DIRECTIONS ->
What is needed is an exact transcription of the line containing "Mediante un comunicado, la" and every line after it through the end of the entries below, with no pictures.

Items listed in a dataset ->
_ _ _ _ _ _ _

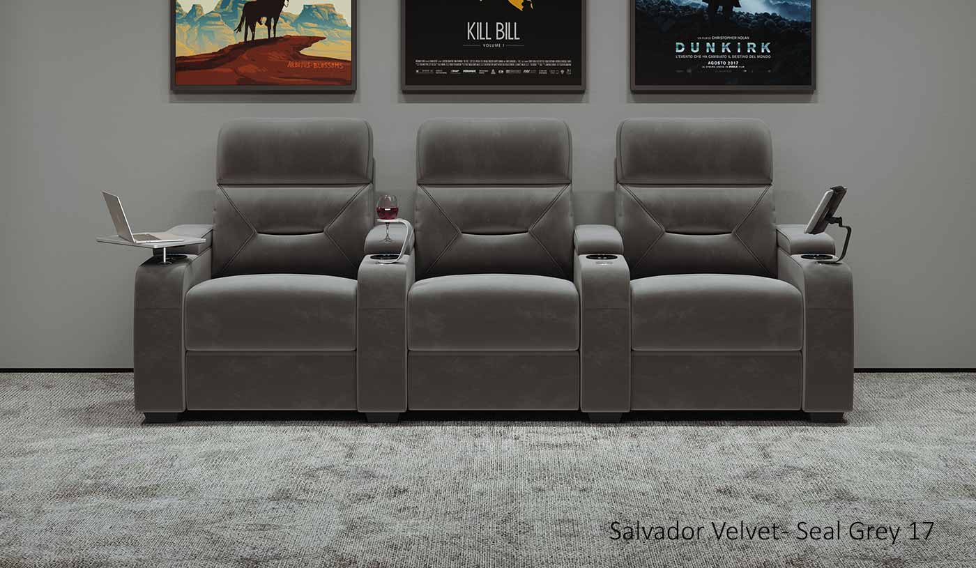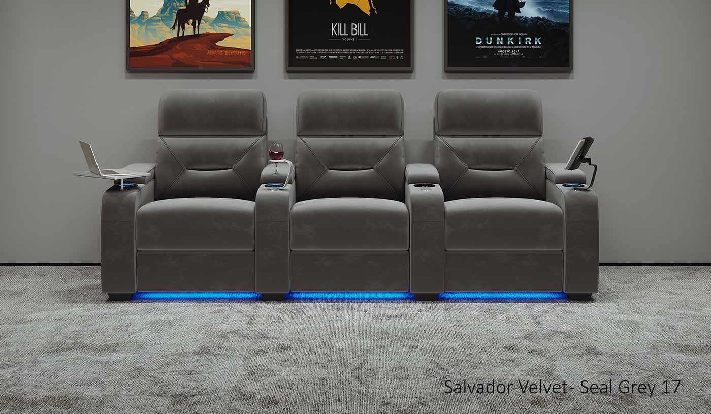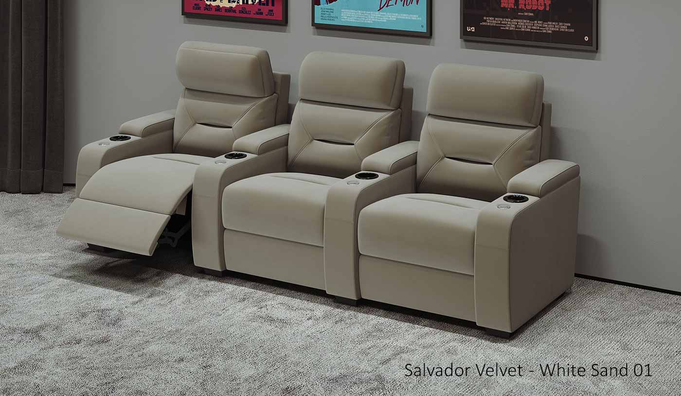 Transform your golf simulator room with the Universal Ultimate 3-seat fabric cinema chairs featuring dual motor electric recline, built-in massage, and cooling cup holders. Premium home cinema seating available in 25 luxurious fabric and velvet options.
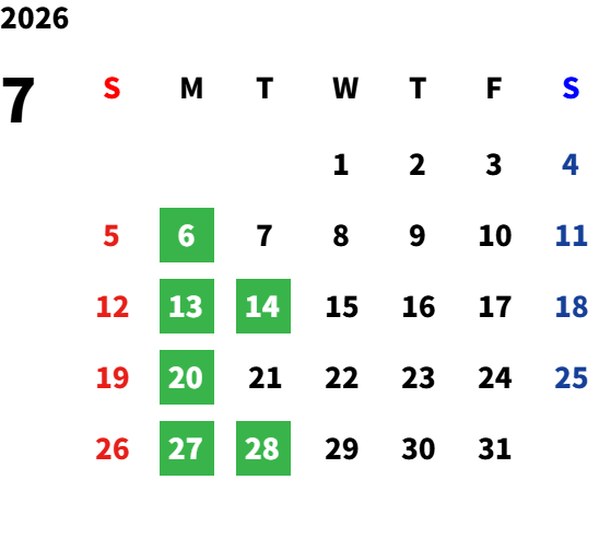 毎週月曜日及び毎月第2火曜日
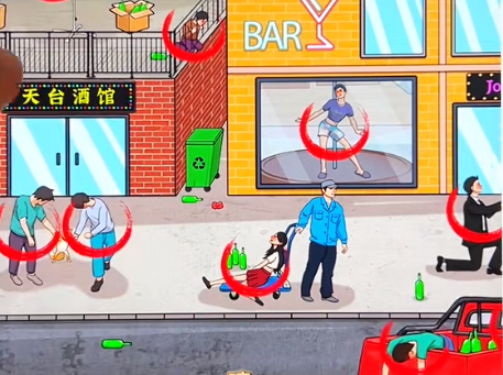 爆梗找茬王也是一款好玩的解谜游戏,玩家可以挑战不同的关卡,挖掘自己的脑力极限,不知道怎么过也不要紧,小编带来了酒后乱象这一关的攻略分享!爆梗找茬王酒后乱像攻略通关条件:找出12个喝醉的人。 1、一个人站在商店橱窗里,一个人穿着西装要和消防栓求婚,车上还趴着一个人。2、一个女生坐在推车上被管理人员拉着,两个人拉着狗跳舞。 3、一个男的在跳钢管舞,还有一个男的被栏杆夹头,打开那个垃圾桶,里面还有一个人
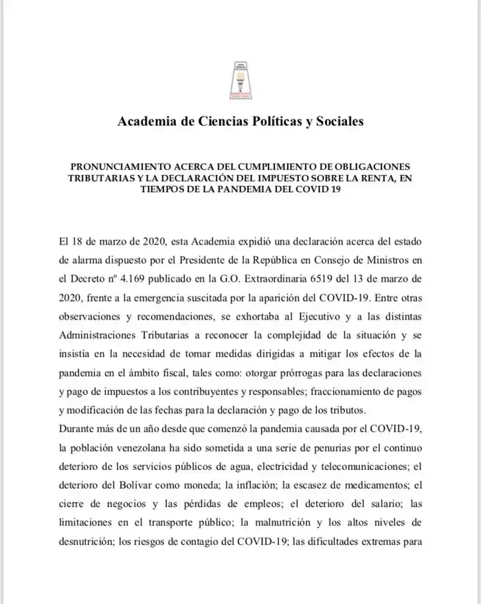 Mediante un comunicado, la Academia de Ciencias Políticas y Sociales, rechazó que la administración de Nicolás Maduro, a través del Seniat puede prorrogar la declaración de la ISLR, como lo ha hecho en otras ocasiones, y más en el contexto del coronavirus. Considera que esa actitud pone en riego la salud de los empleados de los entes recaudadores y de los ciudadanos
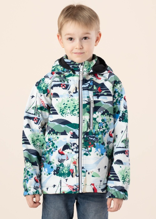 Burvīga Reima pavasara-rudens virsjaka padarīs katru dienu īpašu. Ūdens atgrūdoša pavasara-rudens virsjaka ir labi pieguļoša un . Priekšpusē aizdare ar rāvējslēdzēju , uz krūtīm ir kabata ar rāvējslēdzēju , kā arī piedurkņu galos ir gumijas. Izbaudi bezrūpīgu rotaļu! Foto: augums 121 cm valkā 122 izmēru.
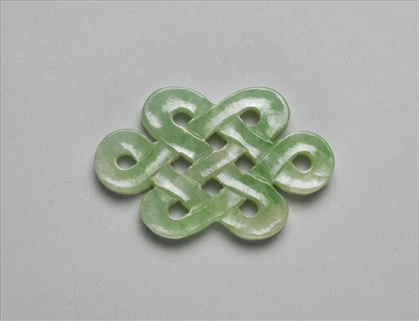 帽花,碧玉琢成圓角盤長形,中間孔洞較大,可穿線縫綴。

_ _ _ _ _ _ _

EXPECTED OUTPUT ->
 Mediante un comunicado, la Academia de Ciencias Políticas y Sociales, rechazó que la administración de Nicolás Maduro, a través del Seniat puede prorrogar la declaración de la ISLR, como lo ha hecho en otras ocasiones, y más en el contexto del coronavirus. Considera que esa actitud pone en riego la salud de los empleados de los entes recaudadores y de los ciudadanos
 Burvīga Reima pavasara-rudens virsjaka padarīs katru dienu īpašu. Ūdens atgrūdoša pavasara-rudens virsjaka ir labi pieguļoša un . Priekšpusē aizdare ar rāvējslēdzēju , uz krūtīm ir kabata ar rāvējslēdzēju , kā arī piedurkņu galos ir gumijas. Izbaudi bezrūpīgu rotaļu! Foto: augums 121 cm valkā 122 izmēru.
 帽花,碧玉琢成圓角盤長形,中間孔洞較大,可穿線縫綴。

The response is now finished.